Die meisten Menschen haben Formaldehyd als Schadstoff nicht mehr im Blick, weil sie annehmen, dass es kaum noch in Baumaterialien vorhanden ist. Das jedoch ist ein Trugschluss. Zwar gibt es viele Bauprodukte und Möbel aus heimischer Fertigung, die tatsächlich im Gegensatz zu früher weniger Formaldehyd enthalten beziehungsweise im Laborversuch weniger ausgasen.
Unter den heute üblichen Wohnbedingungen allerdings, mit im Winter oft hohen Raumlufttemperaturen und Luftfeuchtewerten, wird aus den verbauten Materialien und Möbeln doch wieder in erhöhtem Maße dieser Schadstoff emittiert und wirkt sich in den heutigen dichten Häusern noch viel stärker aus. Viele moderne Holzwerkstoffe (Spanplatten, mitteldichte Faserplatten und OSB-Platten) werden mit Klebern auf Basis von Melamin, Harnstoff und Formaldehyd hergestellt. Bei der Herstellung der Leime wird Formaldehyd mit Harnstoff versetzt, wobei Wasser entsteht, das abtrocknet. Dieser Prozess ist umkehrbar, so dass das Kunstharz wahrend der Nutzungszeit durch die Einwirkung von Luftfeuchtigkeit wieder in Harnstoff und Formaldehyd gespalten wird und Formaldehyd aus dem Holzwerkstoff ausgast. Auch Materialien aus Glaswolle und Steinwolle zum Dämmen von Wärme oder Schall enthalten bis zu 7% Formaldehyd als Zusatzstoff. Bauschäume, Farben, Glasfaservliese und Zusatzstoffe in Beton und Estrichen enthalten ebenfalls relevante Mengen an Formaldehyd. Zudem gibt es für die vor Ort, also auf der Baustelle und in der Wohnung, hergestellten oder verarbeiteten Materialien in der Regel keine Emissionsgrenzwerte. Solche Werte gibt es allenfalls für Spanplatten, wobei die Emissionen meist unter eher unrealistischen Laborbedingungen gemessen werden. Auf Grund der in der Praxis oft umfangreichen Nutzung dieser Bauprodukte oder Möbel kommt es dann nicht selten zu erhöhten und belastenden Formaldehydwerten in der Raumluft.

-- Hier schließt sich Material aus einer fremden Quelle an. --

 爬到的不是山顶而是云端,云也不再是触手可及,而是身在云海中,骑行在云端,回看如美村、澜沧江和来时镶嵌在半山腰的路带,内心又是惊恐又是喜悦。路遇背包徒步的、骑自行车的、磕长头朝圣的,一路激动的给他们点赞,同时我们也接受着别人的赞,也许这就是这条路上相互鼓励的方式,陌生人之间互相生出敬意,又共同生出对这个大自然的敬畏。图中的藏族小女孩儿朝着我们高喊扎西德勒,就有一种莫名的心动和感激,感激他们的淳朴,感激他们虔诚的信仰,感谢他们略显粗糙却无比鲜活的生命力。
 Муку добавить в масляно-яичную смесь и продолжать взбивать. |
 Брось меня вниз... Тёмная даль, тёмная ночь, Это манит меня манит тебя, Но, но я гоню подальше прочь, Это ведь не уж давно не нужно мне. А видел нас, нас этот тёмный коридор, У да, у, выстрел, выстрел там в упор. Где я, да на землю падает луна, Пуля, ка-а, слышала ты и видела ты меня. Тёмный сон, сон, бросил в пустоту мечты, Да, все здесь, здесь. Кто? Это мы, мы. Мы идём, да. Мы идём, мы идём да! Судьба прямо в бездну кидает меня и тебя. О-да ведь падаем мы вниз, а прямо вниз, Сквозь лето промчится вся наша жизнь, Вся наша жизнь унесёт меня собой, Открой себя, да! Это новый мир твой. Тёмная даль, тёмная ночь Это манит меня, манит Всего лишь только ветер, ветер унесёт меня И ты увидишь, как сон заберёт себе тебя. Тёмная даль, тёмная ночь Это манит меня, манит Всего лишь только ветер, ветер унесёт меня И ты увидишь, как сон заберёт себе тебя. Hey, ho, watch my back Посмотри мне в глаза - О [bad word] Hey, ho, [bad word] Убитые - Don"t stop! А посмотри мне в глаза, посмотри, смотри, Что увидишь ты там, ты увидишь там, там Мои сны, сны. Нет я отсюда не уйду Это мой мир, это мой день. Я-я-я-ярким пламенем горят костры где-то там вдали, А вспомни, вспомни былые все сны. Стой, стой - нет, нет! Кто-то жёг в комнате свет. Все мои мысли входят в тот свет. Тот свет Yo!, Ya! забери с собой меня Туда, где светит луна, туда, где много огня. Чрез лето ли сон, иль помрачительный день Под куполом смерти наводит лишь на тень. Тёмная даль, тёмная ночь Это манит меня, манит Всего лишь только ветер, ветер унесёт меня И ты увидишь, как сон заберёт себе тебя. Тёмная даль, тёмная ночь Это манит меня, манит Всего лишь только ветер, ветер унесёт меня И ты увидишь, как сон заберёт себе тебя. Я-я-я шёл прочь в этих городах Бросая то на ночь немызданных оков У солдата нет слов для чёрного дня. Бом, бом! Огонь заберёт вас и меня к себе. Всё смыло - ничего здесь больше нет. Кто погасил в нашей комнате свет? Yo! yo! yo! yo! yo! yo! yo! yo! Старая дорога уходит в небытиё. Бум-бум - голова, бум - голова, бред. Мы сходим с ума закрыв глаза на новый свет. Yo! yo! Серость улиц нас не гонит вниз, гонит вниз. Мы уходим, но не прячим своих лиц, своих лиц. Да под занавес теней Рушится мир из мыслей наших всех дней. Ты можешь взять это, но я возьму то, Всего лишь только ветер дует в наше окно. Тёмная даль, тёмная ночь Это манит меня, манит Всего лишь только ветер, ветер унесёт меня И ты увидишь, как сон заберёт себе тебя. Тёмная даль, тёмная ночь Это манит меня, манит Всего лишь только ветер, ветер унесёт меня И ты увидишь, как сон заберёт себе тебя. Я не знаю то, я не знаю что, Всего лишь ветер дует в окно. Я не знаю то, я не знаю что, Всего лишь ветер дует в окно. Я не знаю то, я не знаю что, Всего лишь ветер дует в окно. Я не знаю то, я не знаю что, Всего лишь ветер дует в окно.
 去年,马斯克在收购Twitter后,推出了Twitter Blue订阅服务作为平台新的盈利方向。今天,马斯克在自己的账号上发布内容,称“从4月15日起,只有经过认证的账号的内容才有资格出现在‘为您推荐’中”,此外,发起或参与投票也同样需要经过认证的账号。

Der Baubiologe Thomas Jockel aus Detmold gibt Auskunft: »Seit April 2015 hat die EU Formaldehyd rechtsverbindlich als wahrscheinlich Krebs erregend beim Menschen eingestuft und hat sich damit der Meinung der WHO angeschlossen. Die WHO empfiehlt deswegen einen Richtwert in der Atemluft von höchstens 100 μg/m3 (Mikrogramm Formaldehyd pro Kubikmeter Luft).

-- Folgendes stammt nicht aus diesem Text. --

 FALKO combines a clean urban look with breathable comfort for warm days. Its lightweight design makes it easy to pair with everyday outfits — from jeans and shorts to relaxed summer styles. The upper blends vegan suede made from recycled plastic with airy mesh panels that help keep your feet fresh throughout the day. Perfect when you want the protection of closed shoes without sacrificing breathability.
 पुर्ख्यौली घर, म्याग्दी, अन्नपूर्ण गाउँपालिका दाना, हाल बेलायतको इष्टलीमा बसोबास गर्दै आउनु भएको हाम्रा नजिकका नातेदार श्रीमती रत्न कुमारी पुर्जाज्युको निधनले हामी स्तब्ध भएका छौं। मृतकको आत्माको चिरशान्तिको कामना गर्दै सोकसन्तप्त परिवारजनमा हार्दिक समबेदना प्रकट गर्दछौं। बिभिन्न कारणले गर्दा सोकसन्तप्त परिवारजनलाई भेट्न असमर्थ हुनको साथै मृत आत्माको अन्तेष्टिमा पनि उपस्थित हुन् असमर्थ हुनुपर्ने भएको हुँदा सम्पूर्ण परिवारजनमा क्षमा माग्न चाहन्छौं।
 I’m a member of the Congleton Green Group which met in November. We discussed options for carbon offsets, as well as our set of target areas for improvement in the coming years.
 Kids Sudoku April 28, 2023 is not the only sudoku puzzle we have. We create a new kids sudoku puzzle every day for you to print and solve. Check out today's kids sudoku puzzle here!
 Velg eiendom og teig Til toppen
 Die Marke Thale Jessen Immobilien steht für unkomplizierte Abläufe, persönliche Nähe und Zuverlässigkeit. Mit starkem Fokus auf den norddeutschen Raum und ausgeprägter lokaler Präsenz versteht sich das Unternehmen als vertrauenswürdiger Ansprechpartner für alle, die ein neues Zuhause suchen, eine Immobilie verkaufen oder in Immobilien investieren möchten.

Das Bundesinstitut für Risikobewertung (BfR) hingegen betrachtet Raumluftwerte noch bis 124 μg/m3 als unbedenklich. Darüber steigt die Krebs auslösende Wirkung mit der Höhe der Konzentration. Die Gesundheitsgefahr ist somit umso größer, je mehr und je länger sich das gefährliche Gas in der Atemluft befindet!“ Für das Bauwesen ist für Gebäude bei einer Zertifizierung nach der Deutschen Gesellschaft Nachhaltiges Bauen (DGNB) ein Formaldehyd-Grenzwert von 120 μg/m3 definiert, bei dessen Überschreitung keine Zertifizierung möglich ist. Ein Zielwert von 60 μg/m3 sei anzustreben.

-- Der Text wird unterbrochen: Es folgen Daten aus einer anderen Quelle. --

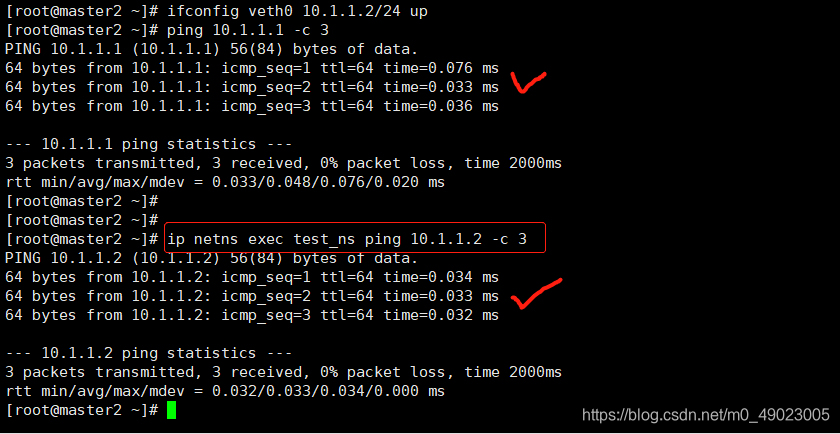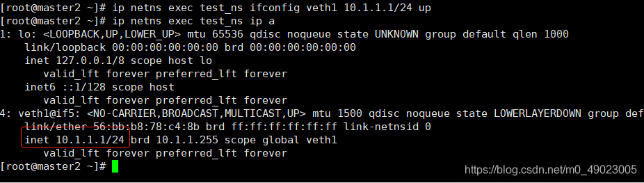 [root@master2 ~]# ip netns exec test_ns ip link set dev lo up

Jockel dazu: »Die wenigsten Bauherren lassen jedoch ihr Haus zertifizieren und unter Ökoaspekten wäre selbst das zu hoch: Die Arbeitsgemeinschaft ökologischer Forschungsinstitute e. V. (AGÖF) empfiehlt als Orientierungswert lediglich höchstens 30 μg/m3. Nur damit kann man auch langfristig sicher sein.“
Da moderne Wohnungen zum einen sehr dicht gebaut seien und zudem aus Energiespargründen nur wenig gelüftet würde, so könne sich das Gas in der Raumluft stark anreichern. Durch hohe Luftfeuchtewerte ab etwa 60 % relativer Feuchte komme es zudem in den verbauten Materialien der Gebäude zu chemischen Reaktionen, die Formaldehyd erzeugen. In Räumen mit gelochten Akustikdecken sei das Risiko besonders groß, weil durch die Lochung eine große Oberfläche vorhanden sei, die gegenüber einer ungelochten Flache oft mehr als die dreifache Abgabemenge an die Raumluft erzeuge.
Und so kommt es immer wieder und immer häufiger vor, dass Baubiologen wie Thomas Jockel in untersuchten Wohnungen gesundheitsgefährdende Mengen an Formaldehyd entdecken.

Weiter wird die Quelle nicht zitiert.